O Brasil ocupa a terceira posição entre os mercados, disputando a posição com os EUA, e atrás do México e da França. A marca registra crescimento de 30% a cada ano no mercado brasileiro desde 2021 e alcançou a receita de R$ 180 milhões em 2024. Para este ano, a expectativa é chegar a R$ 220 milhões. A principal aposta é no refil do gel de banho que consome 79% menos plástico na comparação com um frasco de 500 mls.
“Queremos ter um equilíbrio entre as subsidiárias porque experimentamos tantas crises nos últimos cinco anos que é muito importante não ter um sobrepeso da China ou dos Estados Unidos, ainda mais agora com a guerra das taxas”, diz ela. Este ano a empresa perdeu € 3 milhões em ajustes cambiais nas exportações para os Estados Unidos (EUA).
A barreira de 10% imposta pelos EUA à Europa, contudo, “ainda não afetou os preços porque a empresa estava estocada no país norte-americano”. O laboratório adquiriu nos EUA em 2018 a marca Babo Botanicals de cosméticos naturais para adultos e bebês. “Mas mesmo fabricando no país, assim como muitas outras empresas americanas, parte dos insumos são importados.

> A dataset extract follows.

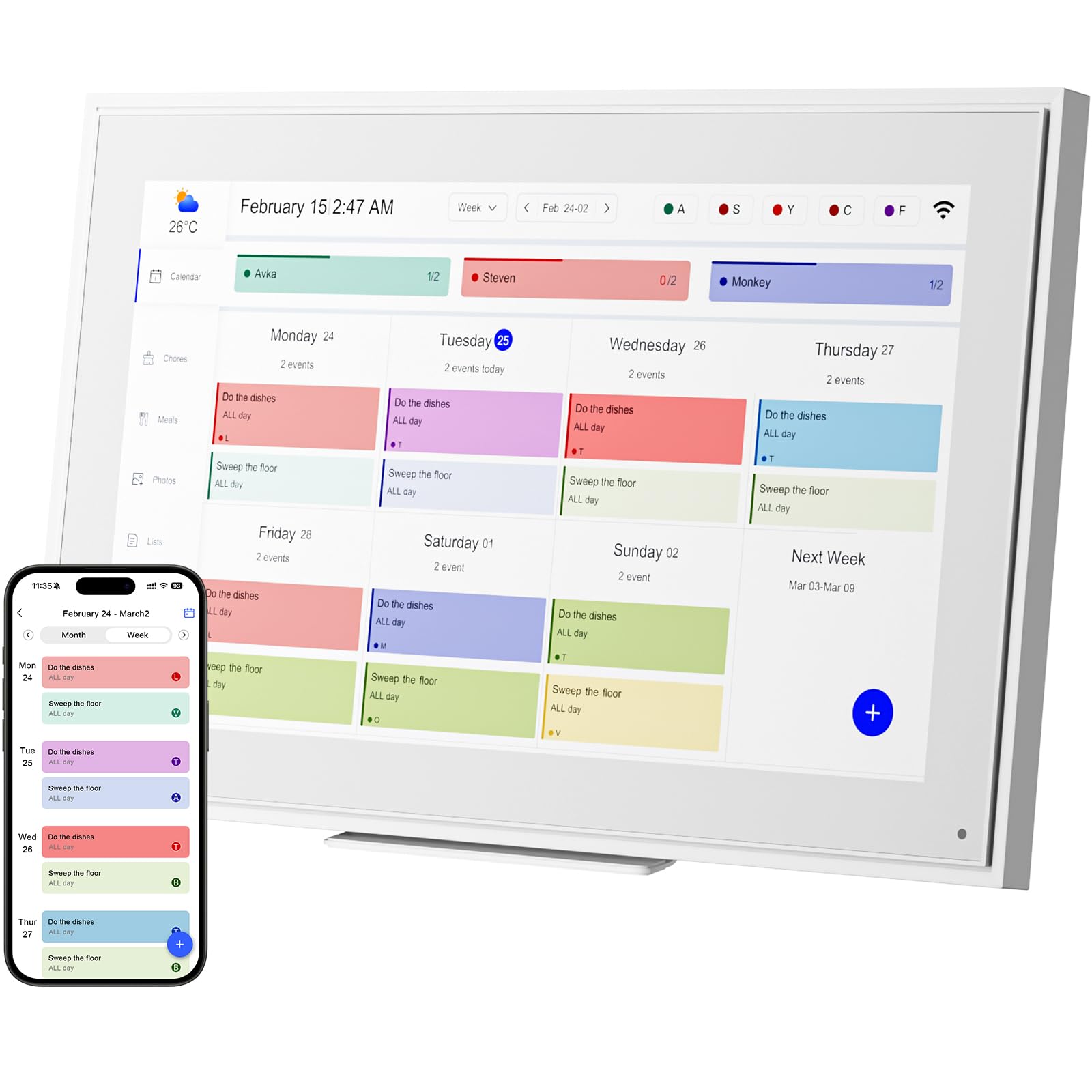 • โœ”๏ธ๐€๐ฅ๐ฅ-๐ˆ๐ง-๐Ž๐ง๐ž ๐’๐ฆ๐š๐ซ๐ญ ๐…๐š๐ฆ๐ข๐ฅ๐ฒ ๐‚๐š๐ฅ๐ž๐ง๐๐š๐ซ: WiFi-connected touch digital calendar combined with a digital planner ,the crystal-clear 15.6' FHD touchscreen with chore chart and to do list notepad, generates the whole new calendar, which makes your family organized and stays every schedule on track. Assign unique colors and chores to each family member,making family scheduling simpler and more intuitive.Ideal gift for students,mom,lover,grandparents,parter,colleague,professionals, and families..
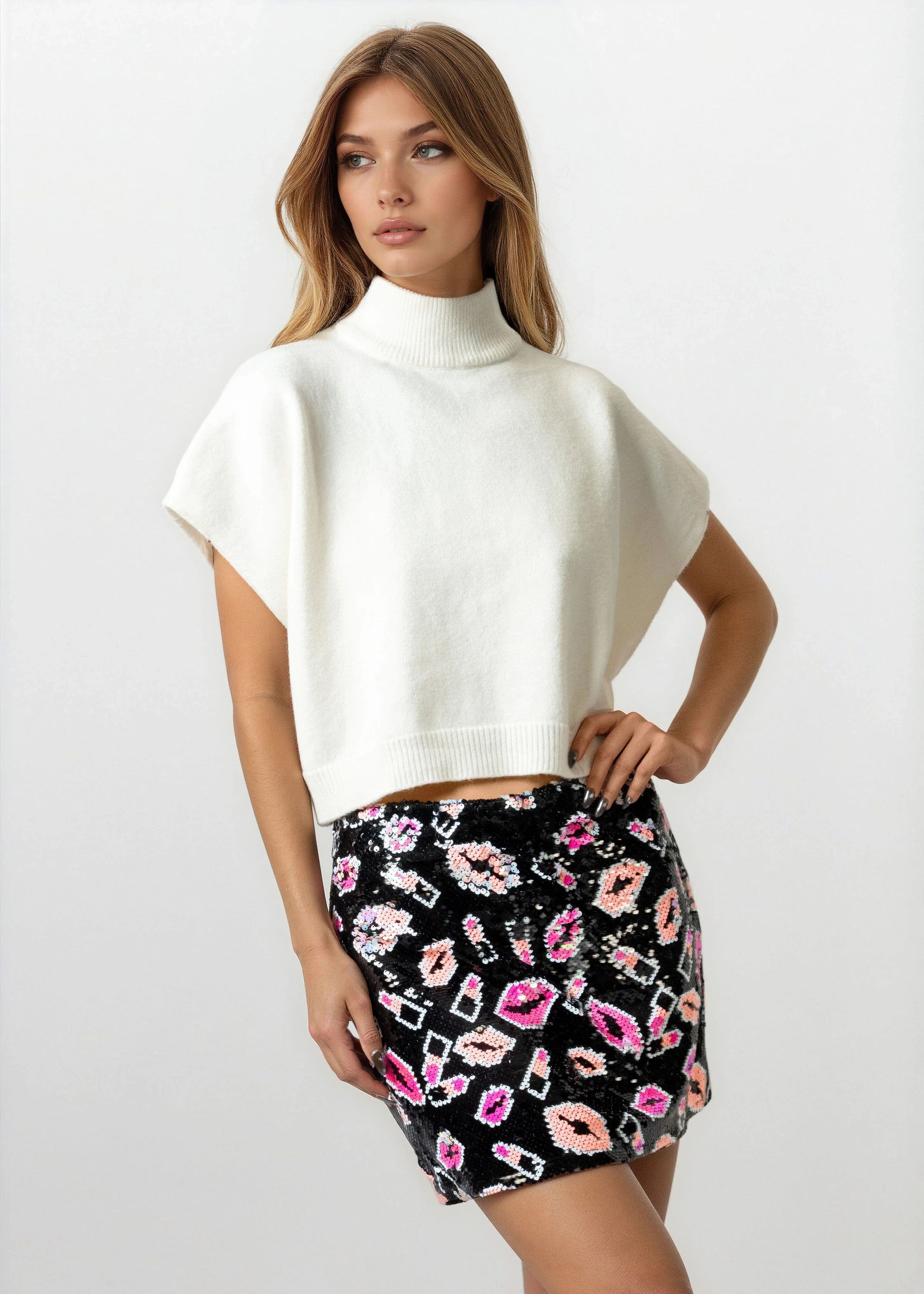 • Neon pop-art sequin mini built to steal the whole room’s attention

Como eles vão lidar com isso?”, pergunta a CEO.
Ao mesmo tempo, como tem metas agressivas de sustentabilidade, a empresa vai descontinuar até 2027 produtos considerados poluentes, como os lencinhos de limpeza, que só na França representam 20% do faturamento e no mundo, 2%. “No médio prazo vamos crescer com o valor agregado dos produtos e não crescer ao custo do planeta”.
Em cinco anos, a empresa vai investir € 70 milhões para promover uma mudança na fábrica em Épernon, para consumir menos água e energia, compensar 100% do carbono emitido, substituir embalagens plásticas e chegar a 25% de refis em todas as linhas de produtos.
Há 18 meses, a empresa tomou a iniciativa de criar um consórcio com cinco marcas de dermocosméticos, para a instalação nas farmácias de máquinas para a recarga de produtos em garrafas de vidro reutilizáveis. Hoje, 10 empresas participam do projeto que está disponível em 16 farmácias de Paris. “É um processo educativo que demanda tempo, é uma mudança cultural. Por isso, chamamos os concorrentes para participar, porque não é uma questão de disputar espaço, mas de sobrevivência no planeta.”